Table 4 Effect of Ability, Asgmt and T1 on the log-odds of correctly answering an isomorphic Test 2 question. The baseline is for a low-ability student who incorrectly answered the question in Test 1, for a question not previously seen in an assignment Analysis of exam performance
Two test questions were repeated in the exam, both on material previously seen in assignments prior to Test 1. These two questions had the highest score over all of the exam questions, with combined success rate of 0.941. Due to the limited data, the analyses were numerically unstable if multiple explanatory variables were used and so only T2 was used, and was statistically significant (\(p<0.001\)). Combined over the two questions, students who answered an isomorphic T2 question incorrectly had an 0.865 success rate, increasing to 0.964 for those who answered correctly in T2. This corresponds to an increase in log-odds of 1.54.
Course 3xx results
Analysis of test 1 performance
None of the questions in the tests were previously seen in assignment material, so Ability was the only explanatory variable. High ability students were found to have 0.678 higher log-odds of answering a Test 1 question correctly (\(p<0.001\)) compared to low ability students.
Analysis of test 2 performance
Comparison with Test 1: The overall success rates on the questions in Tests 1 and 2 were 0.665 and 0.879 respectively, and the difference was highly significant (\(p<0.001\)).
Additional effect of ability:
The full analysis of Test 2 results included explanatory variables Ability and T1. Students with high ability had 0.741 higher log-odds of answering correctly (\(p<0.001\)) compared to low ability students, and answering the Test 1 question correctly increased the log-odds of answering the Test 2 question correctly by 0.475 (\(p<0.001\)). There was no interaction between Ability and T1 (Table 5).
Table 5 Effect of Ability and T1 on the log-odds of correctly answering an isomorphic Test 2 question Analysis of exam performance
Three test questions were repeated in the exam, and performance on these three questions was significantly better than on the other questions (\(p<0.001\)), with a combined success rate of 0.932. As with the course 2xx analysis, it was only possible to use T2 as an explanatory variable, and it was statistically significant (\(p<0.001\)). Combined over the three questions, students who answered an isomorphic T2 question incorrectly had a 0.773 success rate, increasing to 0.946 for those who answered correctly in T2. This corresponds to an increase in log-odds of 1.63.

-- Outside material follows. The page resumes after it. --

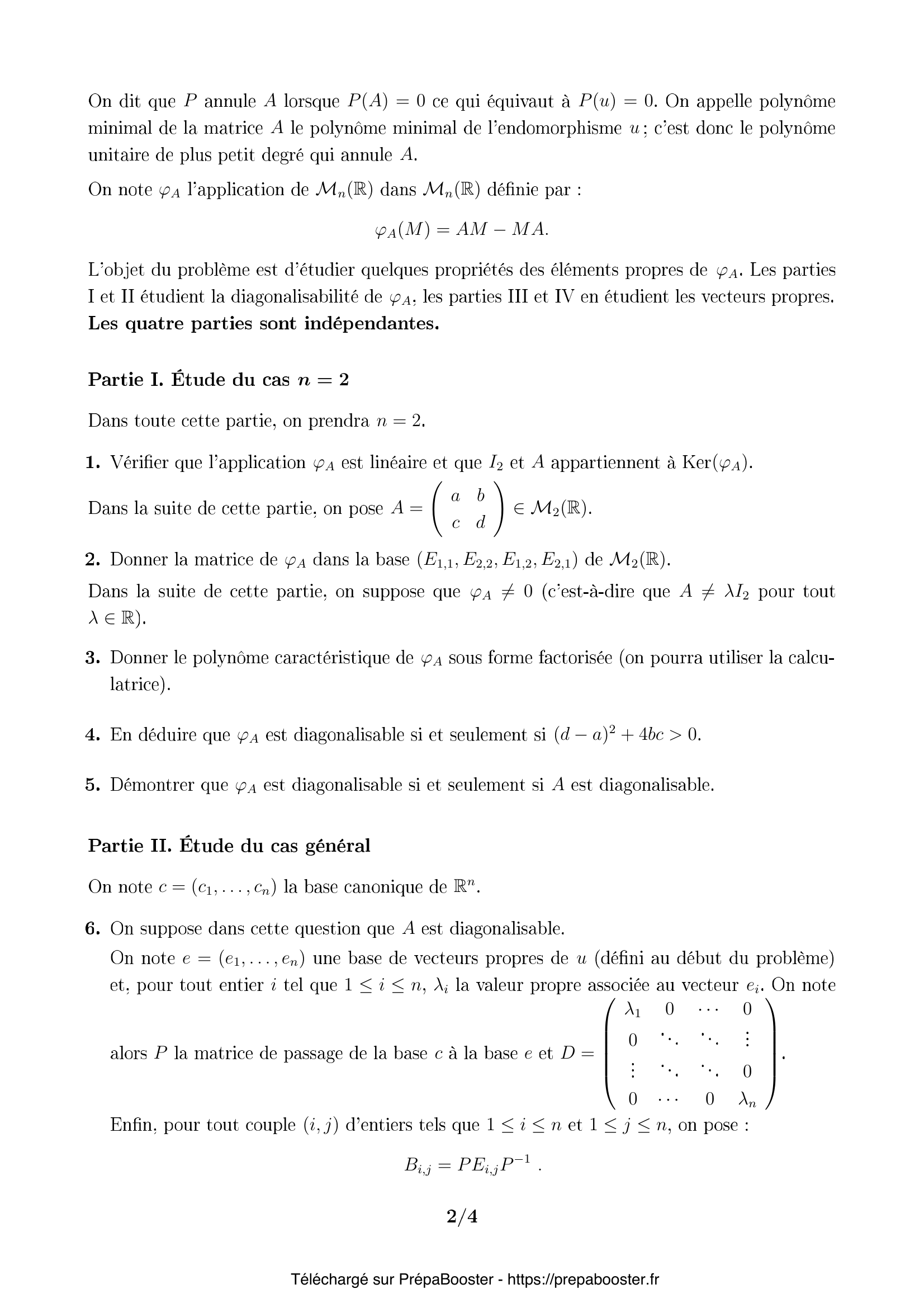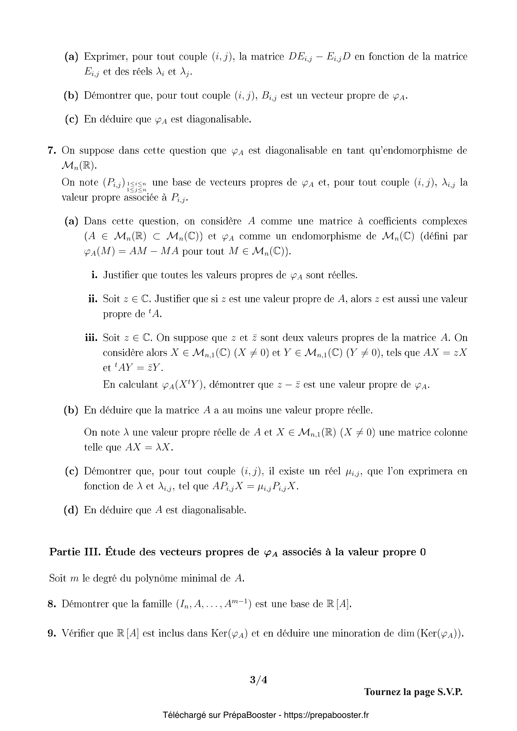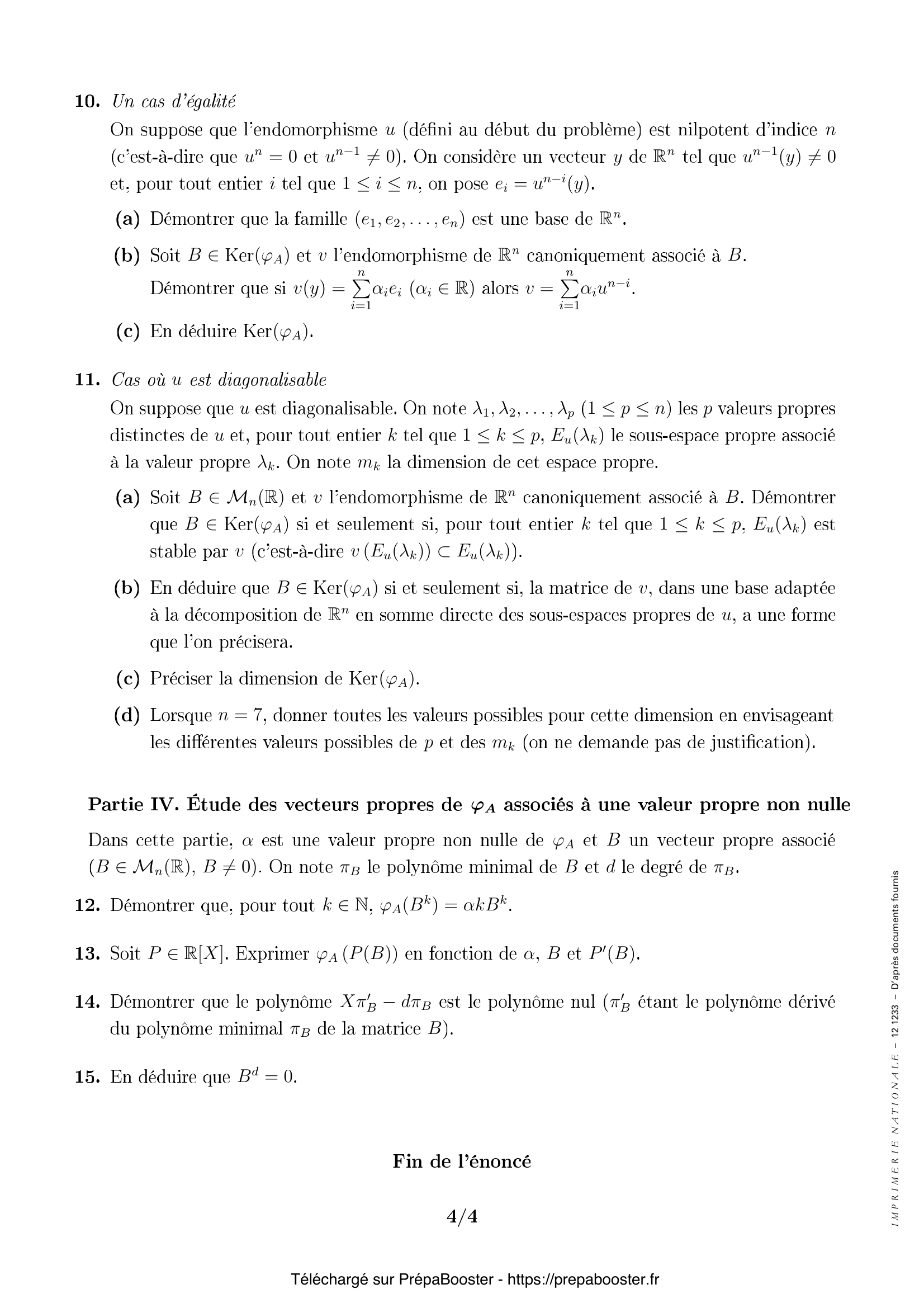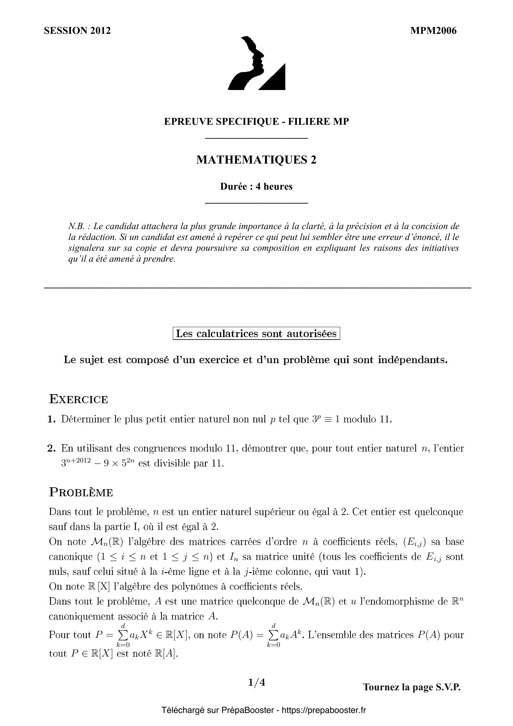 1. Déterminer le plus petit entier naturel non nul $p$ tel que $3^p \equiv 1$ modulo $11$. 2. En utilisant des congruences modulo $11$, démontrer que, pour tout entier naturel $n$, l’entier $3^{n+2012} – 9 \times 5^{2n}$ est divisible par $11$. 3. Vérifier que l’application $\varphi_A$ est linéaire et que $I_2$ et $A$ appartiennent à $\ker(\varphi_A)$. 4. Dans la suite de cette partie, on pose $A = \begin{pmatrix} a & b \\ c & d \end{pmatrix} \in M_2(\mathbb{R})$. Donner la matrice de $\varphi_A$ dans la base $(E_{1,1}, E_{2,2}, E_{1,2}, E_{2,1})$ de $M_2(\mathbb{R})$. 5. Donner le polynôme caractéristique de $\varphi_A$ sous forme factorisée (on pourra utiliser la calculatrice).} 6. En déduire que $\varphi_A$ est diagonalisable si et seulement si $(d-a)^2 + 4bc > 0$. 7. Démontrer que $\varphi_A$ est diagonalisable si et seulement si $A$ est diagonalisable. 8. On suppose dans cette question que $A$ est diagonalisable. \\ On note $e = (e_1, \ldots, e_n)$ une base de vecteurs propres de $u$ (défini au début du problème) et, pour tout entier $i$ tel que $1 \leq i \leq n$, $\lambda_i$ la valeur propre associée au vecteur $e_i$. On note alors $P$ la matrice de passage de la base $c$ à la base $e$ et $D = \begin{pmatrix} \lambda_1 & 0 & \cdots & 0 \\ 0 & \ddots & \ddots & \vdots \\ \vdots & \ddots & \ddots & 0 \\ 0 & \cdots & 0 & \lambda_n \end{pmatrix}$. Enfin, pour tout couple $(i, j)$ d’entiers tels que $1 \leq i \leq n$ et $1 \leq j \leq n$, on pose~: $B_{i,j} = PE_{i,j}P^{-1}$. \begin{enumerate} \item[(a)] Exprimer, pour tout couple $(i, j)$, la matrice $DE_{i,j} – E_{i,j}D$ en fonction de la matrice $E_{i,j}$ et des réels $\lambda_i$ et $\lambda_j$. \item[(b)] Démontrer que, pour tout couple $(i, j)$, $B_{i,j}$ est un vecteur propre de $\varphi_A$. \item[(c)] En déduire que $\varphi_A$ est diagonalisable. \end{enumerate} 9. On suppose dans cette question que $\varphi_A$ est diagonalisable en tant qu’endomorphisme de $M_n(\mathbb{R})$. \\ On note $\left(P_{i,j}\right)_{1 \leq i \leq n, 1 \leq j \leq n}$ une base de vecteurs propres de $\varphi_A$ et, pour tout couple $(i, j)$, $\lambda_{i,j}$ la valeur propre associée à $P_{i,j}$. \begin{enumerate} \item[(a)] Dans cette question, on considère $A$ comme une matrice à coefficients complexes ($A \in M_n(\mathbb{R}) \subset M_n(\mathbb{C})$) et $\varphi_A$ comme un endomorphisme de $M_n(\mathbb{C})$ (défini par $\varphi_A(M) = AM – MA$ pour tout $M \in M_n(\mathbb{C})$). \begin{enumerate} \item[i.] Justifier que tous les vecteurs propres de $\varphi_A$ sont réels. \item[ii.] Soit $z \in \mathbb{C}$. Justifier que si $z$ est une valeur propre de $A$, alors $\bar{z}$ est aussi une valeur propre de $A$. \item[iii.] Soit $z \in \mathbb{C}$. On suppose que $z$ et $\bar{z}$ sont des valeurs propres de la matrice $A$. On considère alors $X \in M_{n,1}(\mathbb{C}) \setminus \{0\}$ et $Y \in M_{n,1}(\mathbb{C}) \setminus \{0\}$ tels que $AX = zX$ et $A^T Y = \bar{z} Y$. En calculant $\varphi_A(X^T Y)$, démontrer que $z – \bar{z}$ est une valeur propre de $\varphi_A$. \end{enumerate} \item[(b)] En déduire que la matrice $A$ a au moins une valeur propre réelle. \item[(c)] Démontrer que, pour tout couple $(i, j)$, il existe un réel $\mu_{i,j}$, que l’on exprimera en fonction de $\lambda$ et $\lambda_{i,j}$, tel que $AP_{i,j}X = \mu_{i,j} P_{i,j}X$. \item[(d)] En déduire que $A$ est diagonalisable. \end{enumerate} 10. Soit $m$ le degré du polynôme minimal de $A$. \begin{enumerate} \item Démontrer que la famille $(I_n, A, \ldots, A^{m-1})$ est une base de $\mathbb{R}[A]$. \item Vérifier que $\mathbb{R}[A]$ est inclus dans $\ker(\varphi_A)$ et en déduire une minoration de $\dim(\ker(\varphi_A))$. \end{enumerate} } 11. On suppose que l’endomorphisme $u$ (défini au début du problème) est nilpotent d’indice $n$ (c’est-à-dire que $u^n = 0$ et $u^{n-1} \neq 0$). On considère un vecteur $y$ de $\mathbb{R}^n$ tel que $u^{n-1}(y) \neq 0$ et, pour tout entier $i$ tel que $1 \leq i \leq n$, on pose $e_i = u^{n-i}(y)$. \begin{enumerate} \item[(a)] Démontrer que la famille $(e_1, e_2, \ldots, e_n)$ est une base de $\mathbb{R}^n$. \item[(b)] Soit $B \in \ker(\varphi_A)$ et $v$ l’endomorphisme de $\mathbb{R}^n$ canoniquement associé à $B$. Démontrer que si $v(y) = \sum_{i=1}^n \alpha_i e_i$ ($\alpha_i \in \mathbb{R}$) alors $v = \sum_{i=1}^n \alpha_i u^{n-i}$. \item[(c)] En déduire $\ker(\varphi_A)$. \end{enumerate} 12. On suppose que $u$ est diagonalisable. On note $\lambda_1, \lambda_2, \ldots, \lambda_p$ ($1 \leq p \leq n$) les $p$ valeurs propres distinctes de $u$ et, pour tout entier $k$ tel que $1 \leq k \leq p$, $E_u(\lambda_k)$ le sous-espace propre associé à la valeur propre $\lambda_k$. On note $m_k$ la dimension de ce sous-espace propre. \begin{enumerate} \item[(a)] Soit $B \in M_n(\mathbb{R})$ et $v$ l’endomorphisme de $\mathbb{R}^n$ canoniquement associé à $B$. Démontrer que si $B \in \ker(\varphi_A)$ alors, pour tout entier $k$ tel que $1 \leq k \leq p$, $E_u(\lambda_k)$ est stable par $v$ (c’est-à-dire $v(E_u(\lambda_k)) \subset E_u(\lambda_k)$). \item[(b)] En déduire que $B \in \ker(\varphi_A)$ si et seulement si, la matrice de $v$, dans une base adaptée formée de vecteurs propres de $u$, est formée de blocs sous-espaces propres. \item[(c)] Préciser la dimension de $\ker(\varphi_A)$. \item[(d)] Lorsque $n = 7$, donner toutes les valeurs possibles pour cette dimension en envisageant les différentes valeurs possibles de $p$ et des $m_k$ (on ne demande pas de justification). \end{enumerate} 13. Dans cette partie, $\alpha$ est une valeur propre non nulle de $\varphi_A$ et $B$ un vecteur propre associé ($B \in M_n(\mathbb{R})$, $B \neq 0$). On note $\pi_B$ le polynôme minimal de $B$ et $d$ le degré de $\pi_B$. \begin{enumerate} \item Démontrer que, pour tout $k \in \mathbb{N}$, $\varphi_A(B^k) = \alpha k B^k$. \item Soit $P \in \mathbb{R}[X]$. Exprimer $\varphi_A(P(B))$

Comparison of grade distributions
Table 6 shows the raw (unscaled) grade distributions for the two courses in years 2017, where there was no repeat assessment, and 2018. The 2017 grade distributions for both courses were skewed towards lower grades, especially the 2xx course with a grade average below 3 (C+). Consequently, in 2017, the raw grades for both courses shown in Table 6 were manually scaled up to improve the distribution. The 2018 grade distributions were seen to be more bell-shaped, and with improvements in grade average of 0.92 and 0.42 in 2xx and 3xx, respectively. No adjustments were made to the 2018 raw grades.
Table 6 Raw grade distributions in the two courses – 2017 had no repeat assessments while 2018 did For each course, a Pearson’s \(\chi ^2\) test was performed to determine whether there was a significant difference between the 2017 and 2018 grade distributions. Pearson’s \(\chi ^2\) tests yielded a p-value of \(<0.001\) for course 2xx and a p-value of 0.007 for course 3xx, both providing highly significant evidence of a difference.